• WHAT YOU SHOULD DO
Set down precisely the lines from the line with "The Packer Gear" through the end of the material, inclusive, and no pictures.

• INFORMATION PROVIDED
━━━━

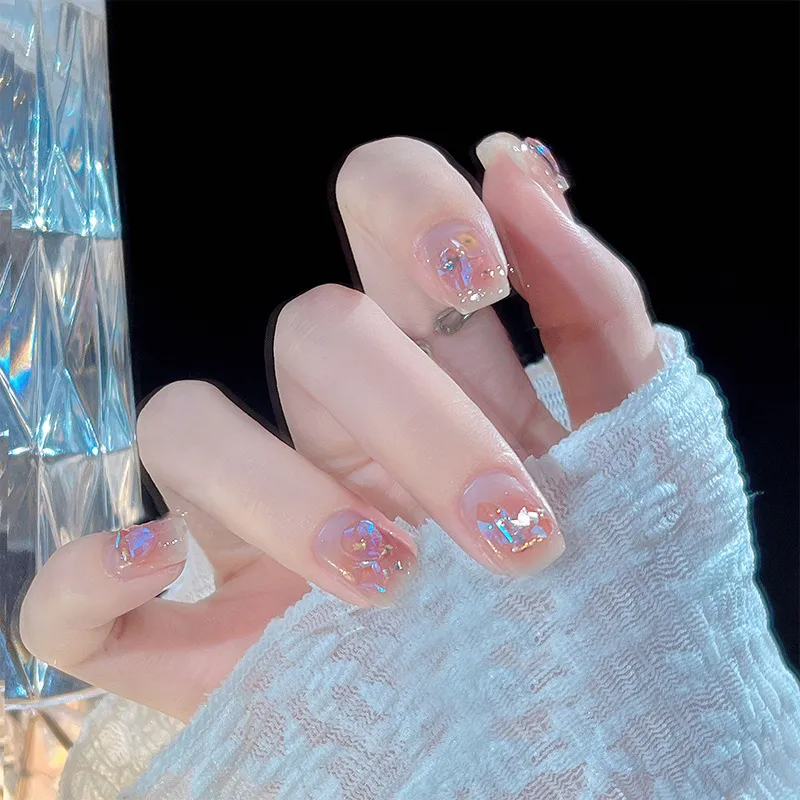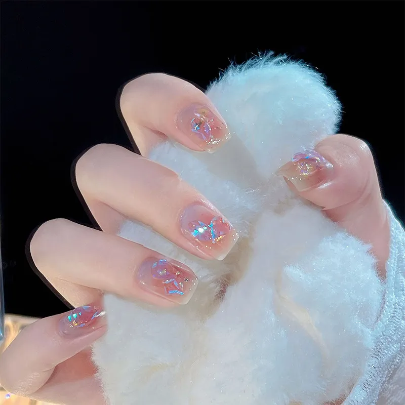 OUYUJI Укороченный Золотой Фольга Румяна Сладкий стиль Сверкающий страз False Nail Патч с Стекло Ромб Nail Art Стикер
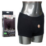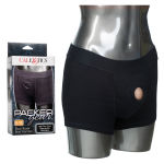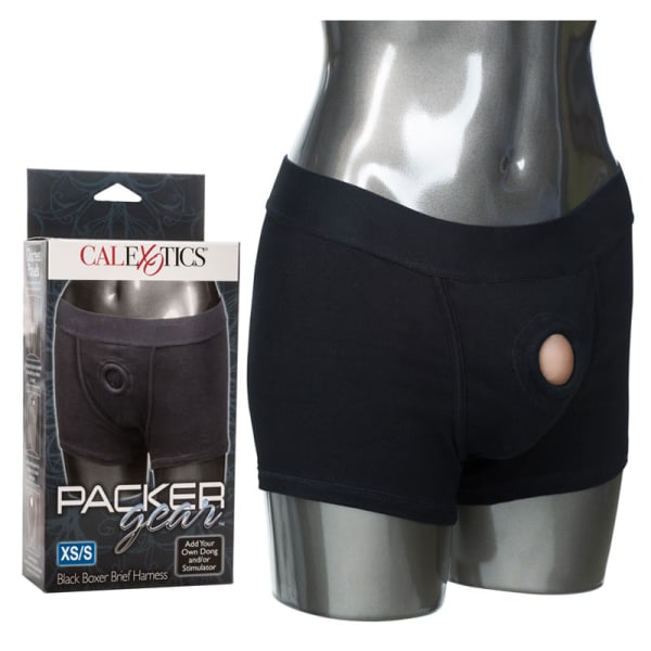 The Packer Gear Black Boxer Brief Harness is an ultra-comfortable, easy wear harness designed with powerful performance and comfort in mind. This classic harness has a supportive extra-wide waistband, soft stretchy material and internal probe straps for the ultimate support. Enjoy double penetration pleasure with the accommodating 2-panel design and unique bullet stimulation pocket. The durable, reinforced O-ring stretches to accommodate your favorite packer, vibrator or dildo.
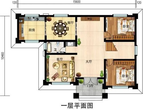 一层户型:客厅、厨房、吃饭厅、卧室、厕所

━━━━

• RESPONSE TO THE TASK
 The Packer Gear Black Boxer Brief Harness is an ultra-comfortable, easy wear harness designed with powerful performance and comfort in mind. This classic harness has a supportive extra-wide waistband, soft stretchy material and internal probe straps for the ultimate support. Enjoy double penetration pleasure with the accommodating 2-panel design and unique bullet stimulation pocket. The durable, reinforced O-ring stretches to accommodate your favorite packer, vibrator or dildo.
 一层户型:客厅、厨房、吃饭厅、卧室、厕所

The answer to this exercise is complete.